A quick look at the news across the country over the past six months makes it clear — the worry is significant and real. Taken as whole, these articles also reveal the diversity of responses and solutions. No matter where you stand on the cause of our environmental issues, the results are pretty much the same — our farms are in jeopardy.
Still, it strikes me as odd that even as we highlight the danger of climate change to our agricultural land and our future food sources, we underplay the industry’s greatest threat: here, as elsewhere, that threat is a subversive adversary and a supposed friend.
It’s city government.
In Virginia Beach, our city government charges carefully crafted committees and commissions with reviewing land use decisions for compliance with area guidelines and with respect for the city’s comprehensive plan, its bible of land use policy, which encompasses its short-term fragile future. These appointed volunteers work to balance these guidelines and plans with market fluctuations and, now, climate-related issues that affect how the land can and should be used in the future.
Never was this balancing act more out of balance than at the joint Planning Commission and City Council meeting on Tuesday, Aug. 25, when an event venue on agriculturally zoned land in the rural area of our city was under consideration.
The Planning Commission had previously recommended denial of the application. But a date-publication error necessitated a vote retake.

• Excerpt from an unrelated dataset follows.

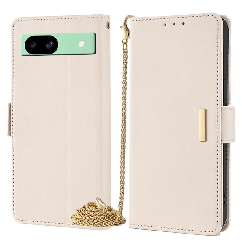 Για το Google Pixel 8a Crossbody Αλυσίδα δερμάτινη θήκη τηλεφώνου (λευκό)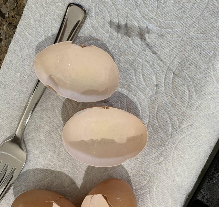 12. It looks like an Easter egg, but it's a real egg that broke perfectly in two.

What happened in the interim was to be expected. City leaders and officials – appointed and elected – were romanced and warmed to the idea of weddings in the country. Citizens who loved that idea for themselves or their kids and grandkids were galvanized to step up and fight for the venue. To check all the boxes, ancillary agricultural use was arranged for the land that supporters of the project who were at the meeting continued to argue was unsuitable for farming. In the end, the view from the barn was a zero-sum game.
To justify the agricultural community’s losses in relation to the private landowner’s gains, there’s a resurrection of the old self-serving myth about land as a farm family’s legacy.

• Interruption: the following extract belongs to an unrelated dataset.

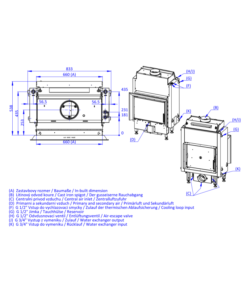 Krbové vložky DYNAMIC sú vhodné pre nízkoenergetické domy, vďaka dvojitému a trojitému preskleniu. Zadné prikladacie dvierka zaistia pohodlné vkladanie dreva do komory. Rám dverí je vyrobený zo špeciálneho tuhého valcovaného profilu. Špeciálna patentovaná konštrukcia teplovodného výmenníka TRIPLE PASS zvýši účinnosť vložky až o 10 %. Objem výmenníka je 50 l. Vložka disponuje systémom CPV – centrálny prívod externého vzduchu a sú určené tak pre akumulačnú, ako aj pre konvekčnú prevádzku. Spaľovacia komora je vyložená šamotovými tvarovkami, dno je podložené izolačnými doskami a výklopným liatinovým roštom s popolníkom. Predohrev sekundárneho vzduchu zaisťuje čisté sklo. Reguláciu primárneho a sekundárneho prívodu vzduchu možno riadiť jediným ovládacím prvkom. Súčasťou vložky je tiež príprava na dverný spínač a zosilnená izolácia plášťa výmenníka. Bezpečnosť zaisťuje integrovaná vychladzovacia slučka a v balení nájdete dochladzovací a odvzdušňovací ventil.

This polemic goes that a shortage of farmers in the next generation necessitates leaving the gate open for agricultural land to go to development or permits that allow large-scale commercial use without continued or new farming on the land. What else, after all, can farmers do with their land if no one is left or interested in farming?
I get these concerns. Most of us do. But encouraging alternative uses at the expense of farming is not the answer. Virginia Beach is unique in that our rural area is designed to support and sustain our agricultural industry, which is key to our overall vitality.
As one council member pointed out during the vote discussion, at no other time in Virginia Beach’s history has it been more evident that we must preserve our food source land for just that – producing food. That is not only to sustain our city from an economic standpoint, but it’s to sustain each and every one of us from a sustenance perspective.
Yet, with one simple vote, all of that was undermined. The alarm has been sounded: the tourism industry could benefit from a new view of our rural area, one that imagines hearts and flowers, the sparkle of matrimonial diamonds and the tinkle of wedding bells.
Business, after all, is good for business.
What could be better for Virginia Beach economics than a place for a new tourism brand?
Sure, there are always winners and losers when it comes to land use decisions in Virginia Beach. However, the “You win some, you lose some” response just won’t cut it in relation to the agricultural land in our rural area.
Simply put, we just can’t afford to lose any more of it — not today and surely not for the future.
The author is a writer and former Virginia Beach Planning Commissioner and college professor who lives in Ashville Park.